§ **Directions for this task**: Write the data out again exactly, with no pictures.

Start of Material provided

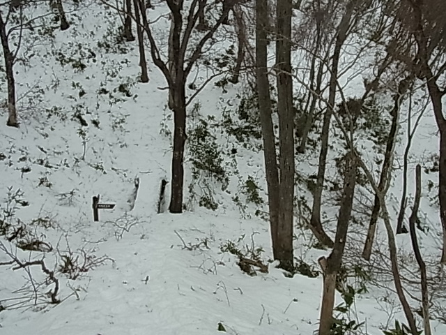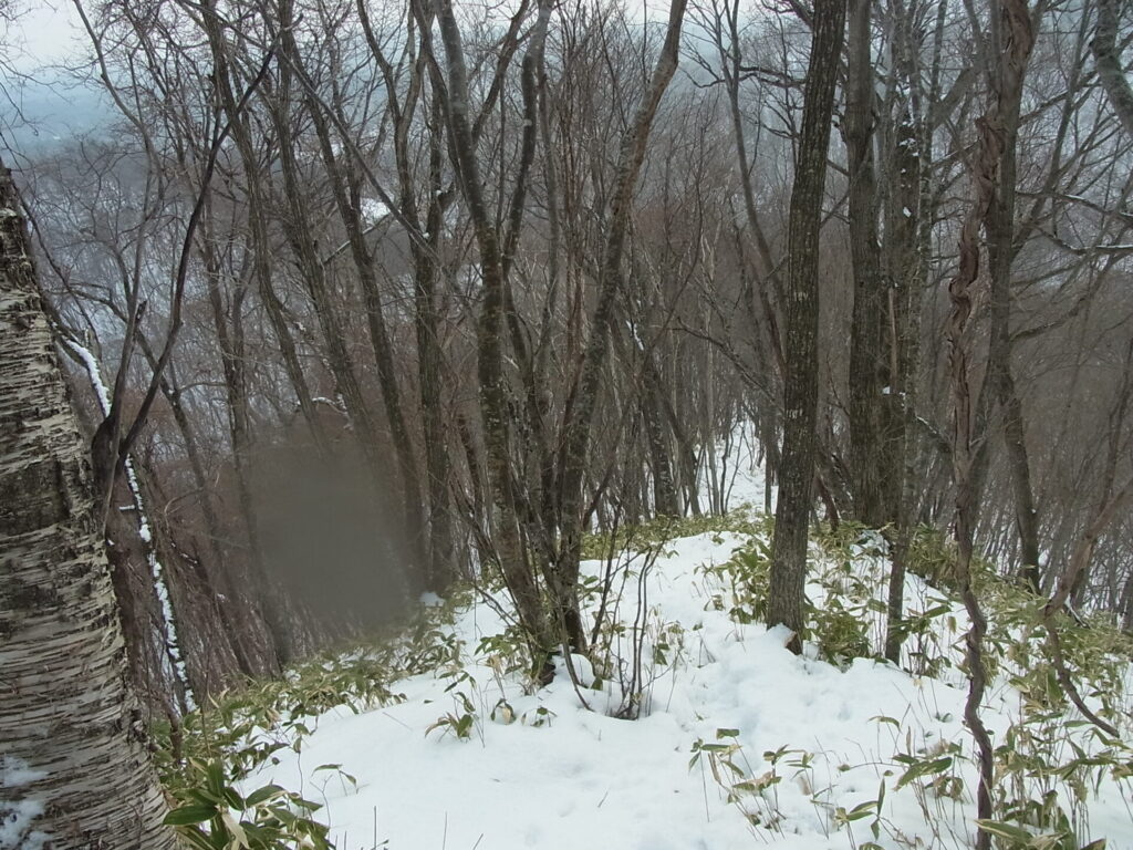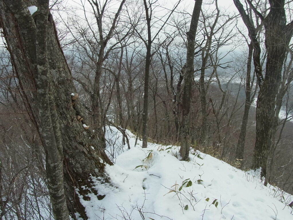 ▼南の斜面から登る人がいないのがわかる。急こう配!(最短距離だが)
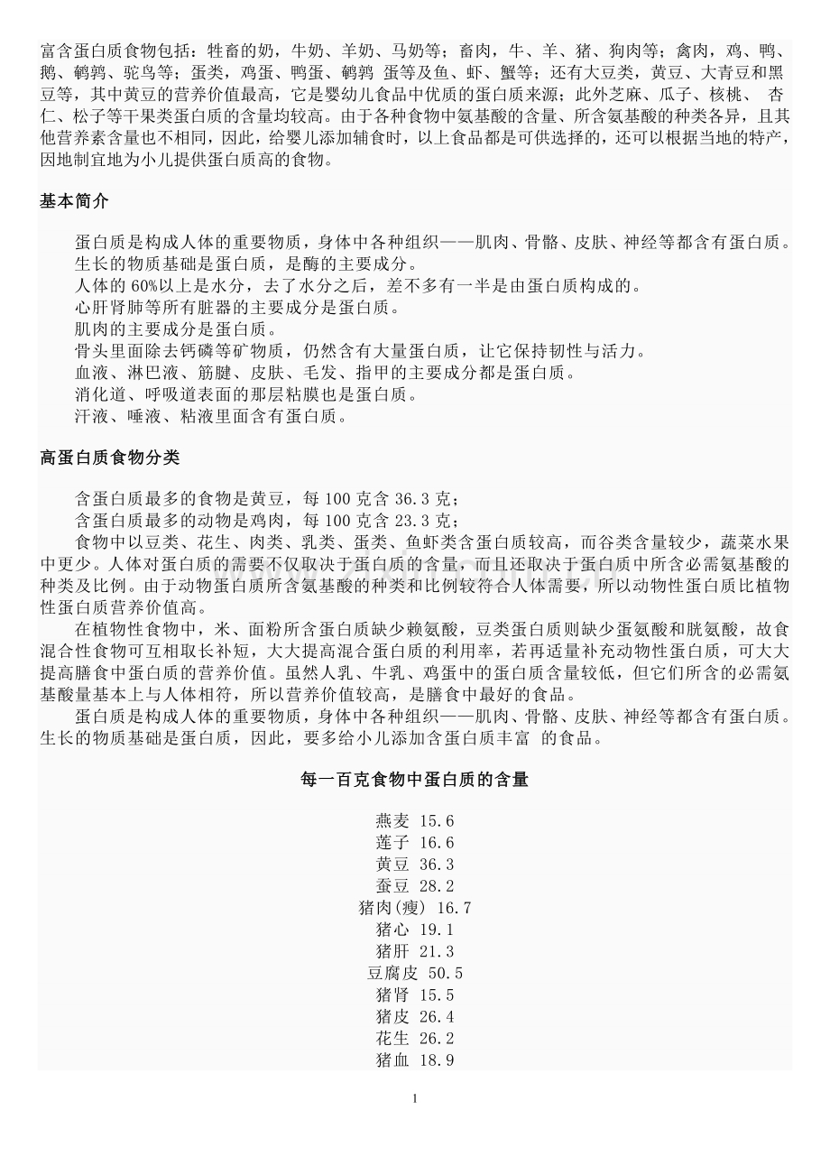 富含蛋白质食物包括:牲畜的奶,牛奶、羊奶、马奶等;畜肉,牛、羊、猪、狗肉等;禽肉,鸡、鸭、鹅、鹌鹑、驼鸟等;蛋类,鸡蛋、鸭蛋、鹌鹑 蛋等及鱼、虾、蟹等;还有大豆类,黄豆、大青豆和黑豆等,其中黄豆的营养价值最高,它是婴幼儿食品中优质的蛋白质来源;此外芝麻、瓜子、核桃、 杏仁、松子等干果类蛋白质的含量均较高。由于各种食物中氨基酸的含量、所含氨基酸的种类各异,且其他营养素含量也不相同,因此,给婴儿添加辅食时,以上食品都是可供选择的,还可以根据当地的特产,因地制宜地为小儿提供蛋白质高的食物。
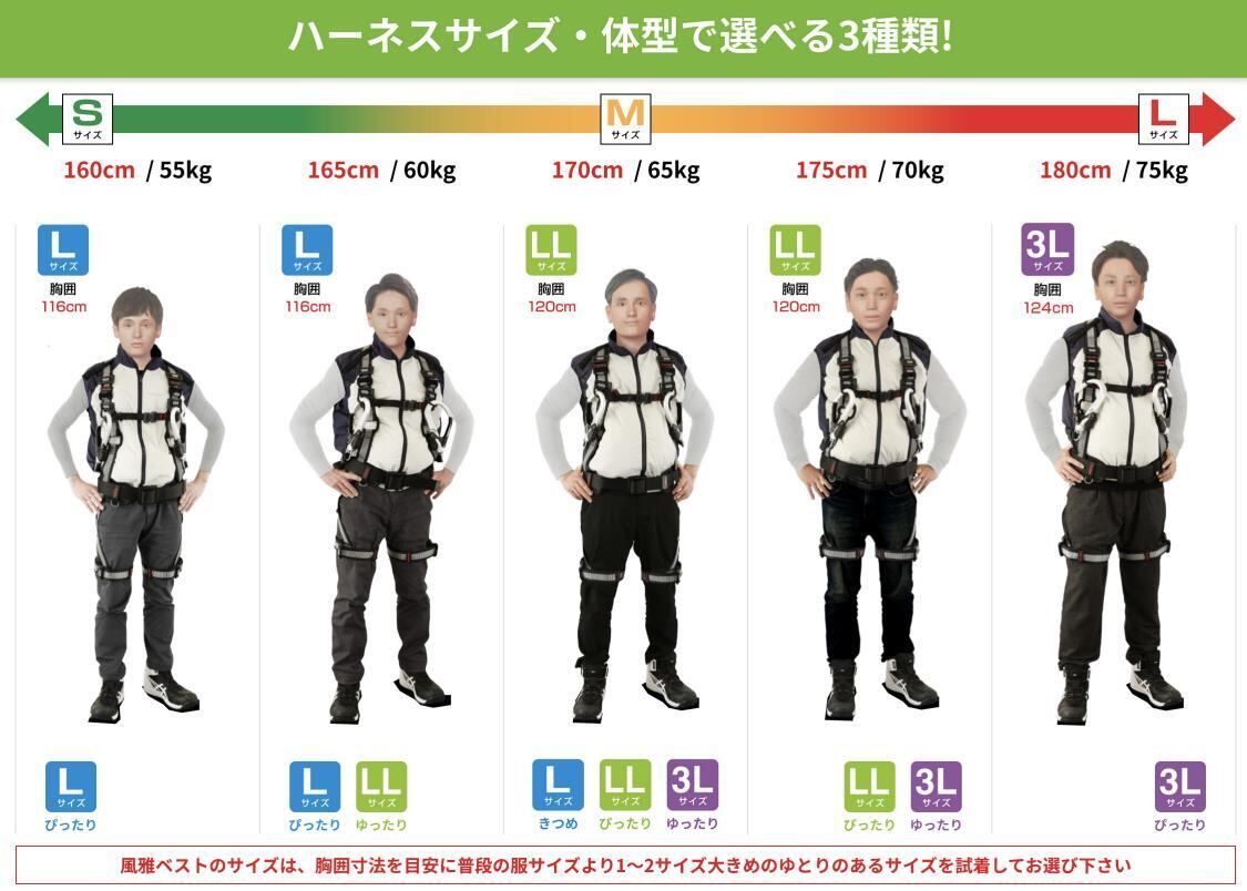 ハーネスの下に着ても風が通る!大風量タイプなので首元まで風が通ります。

End of Material provided

§ **Finished task**:
 ▼南の斜面から登る人がいないのがわかる。急こう配!(最短距離だが)
 富含蛋白质食物包括:牲畜的奶,牛奶、羊奶、马奶等;畜肉,牛、羊、猪、狗肉等;禽肉,鸡、鸭、鹅、鹌鹑、驼鸟等;蛋类,鸡蛋、鸭蛋、鹌鹑 蛋等及鱼、虾、蟹等;还有大豆类,黄豆、大青豆和黑豆等,其中黄豆的营养价值最高,它是婴幼儿食品中优质的蛋白质来源;此外芝麻、瓜子、核桃、 杏仁、松子等干果类蛋白质的含量均较高。由于各种食物中氨基酸的含量、所含氨基酸的种类各异,且其他营养素含量也不相同,因此,给婴儿添加辅食时,以上食品都是可供选择的,还可以根据当地的特产,因地制宜地为小儿提供蛋白质高的食物。
 ハーネスの下に着ても風が通る!大風量タイプなので首元まで風が通ります。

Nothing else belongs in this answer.